Files
attune/work-summary/phases/orquesta-refactor-plan.md
2026-02-04 17:46:30 -06:00

230 lines
9.1 KiB
Markdown

# Orquesta-Style Workflow Refactoring Plan
## Goal
Refactor the workflow execution engine from a dependency-based DAG model to a transition-based graph traversal model inspired by StackStorm's Orquesta engine. This will simplify the code and naturally support workflow cycles.
## Current Problems
1. **Over-engineered**: Computing dependencies, levels, and topological sort that we never actually use
2. **Not using transitions**: We parse `next` transitions but execute based on dependencies instead
3. **Artificial DAG restriction**: Prevents legitimate use cases like monitoring loops
4. **Polling-based**: Continuously polls for "ready tasks" instead of reacting to completions
## Orquesta Model Benefits
1. **Simpler**: Pure graph traversal following transitions
2. **Event-driven**: Task completions trigger next task scheduling
3. **Naturally supports cycles**: Workflows terminate when transitions stop scheduling tasks
4. **Intuitive**: Follow the `next` arrows in the workflow definition
## Implementation Plan
### Phase 1: Documentation Updates
**Files to modify:**
- `docs/workflow-execution-engine.md`
- `work-summary/TODO.md`
**Changes:**
- [ ] Remove references to DAG and topological sort
- [ ] Document transition-based execution model
- [ ] Add examples of cyclic workflows (monitoring loops)

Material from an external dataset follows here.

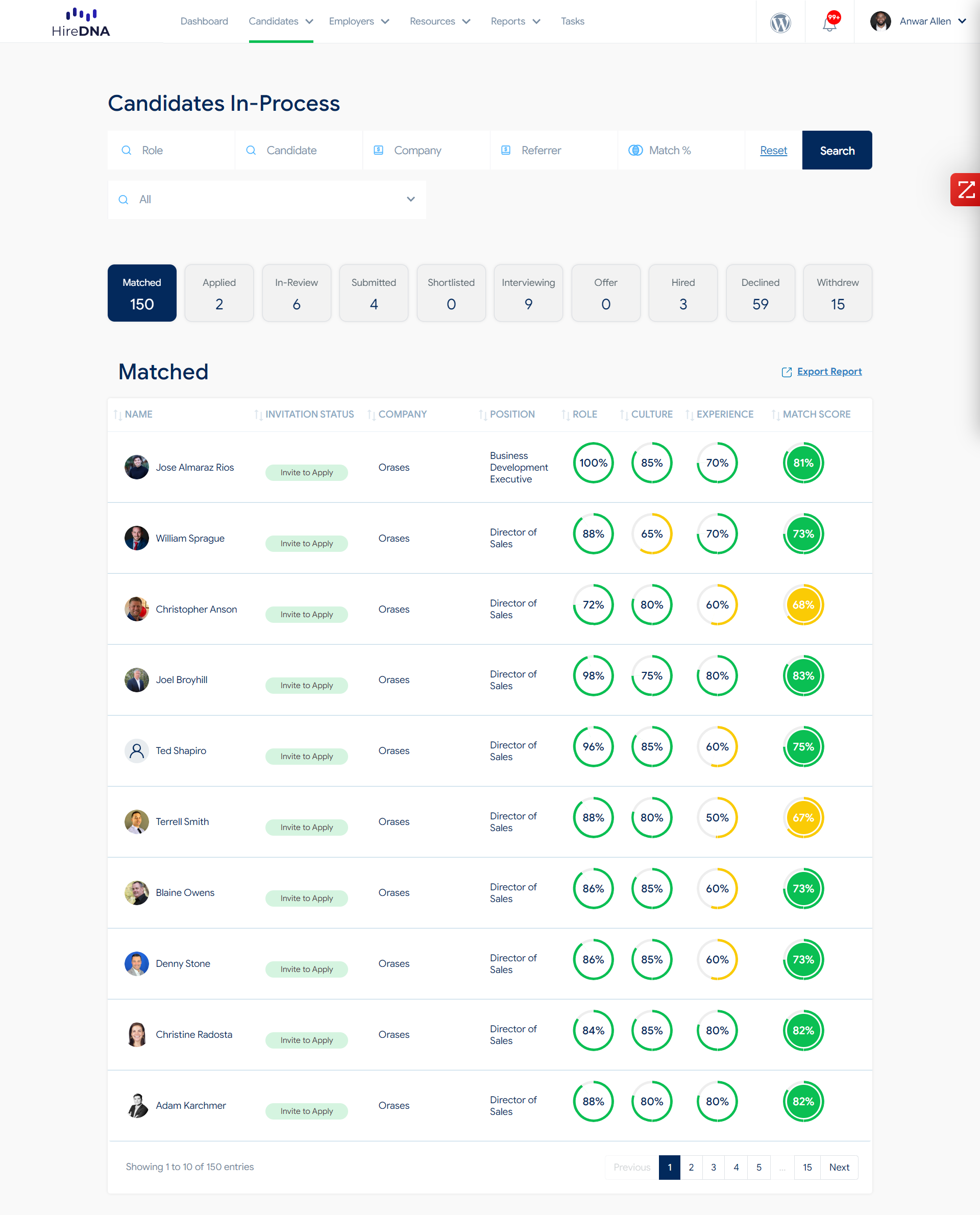 Desde el momento en que Anwar se acercó presentando una oportunidad, supe que iba a tener una gran experiencia. El profesionalismo fue del más alto grado y fue un proceso fácil para algo que típicamente es desalentador. Cada proceso y paso fue transmitido en detalle y la plataforma utilizada era extremadamente fácil de usar. Recomendaría HireDNA para reclutar y colocar candidatos que sean la mejor opción, ya que Anwar es un experto absoluto en el campo. Reseña recopilada por y alojada en G2.com.

- [ ] Document join semantics clearly
- [ ] Document workflow termination conditions
### Phase 2: Refactor Graph Module (`crates/executor/src/workflow/graph.rs`)
**Remove:**
- [x] `CircularDependency` error variant (cycles are now valid)
- [x] `NoEntryPoint` error variant (can have workflows with all tasks having inbound edges if manually started)
- [x] `level` field from `TaskNode`
- [x] `execution_order` field from `TaskGraph`
- [x] `compute_levels()` method (not needed)
- [x] Topological sort logic in `From<GraphBuilder> for TaskGraph`
**Keep/Modify:**
- [x] `entry_points` - still useful as default starting tasks
- [x] Renamed `dependencies` to `inbound_edges` - needed for entry point detection and join tracking
- [x] Renamed `dependents` to `outbound_edges` - needed for identifying edges
- [x] `next_tasks()` - **KEY METHOD** - evaluates transitions
- [x] Simplified `compute_dependencies()` to `compute_inbound_edges()` - only tracks inbound edges
- [x] Updated `TaskNode.dependencies` to `TaskNode.inbound_tasks`
**Add:**
- [x] `get_inbound_tasks(&self, task_name: &str) -> Vec<String>` - returns all tasks that can transition to this task
- [x] Documentation explaining that cycles are supported
### Phase 3: Enhance Transition Evaluation
**Files to modify:**
- `crates/executor/src/workflow/graph.rs`
**Changes:**
- [x] `next_tasks()` already returns task names based on success/failure
- [ ] Add support for evaluating `when` conditions (deferred - needs context)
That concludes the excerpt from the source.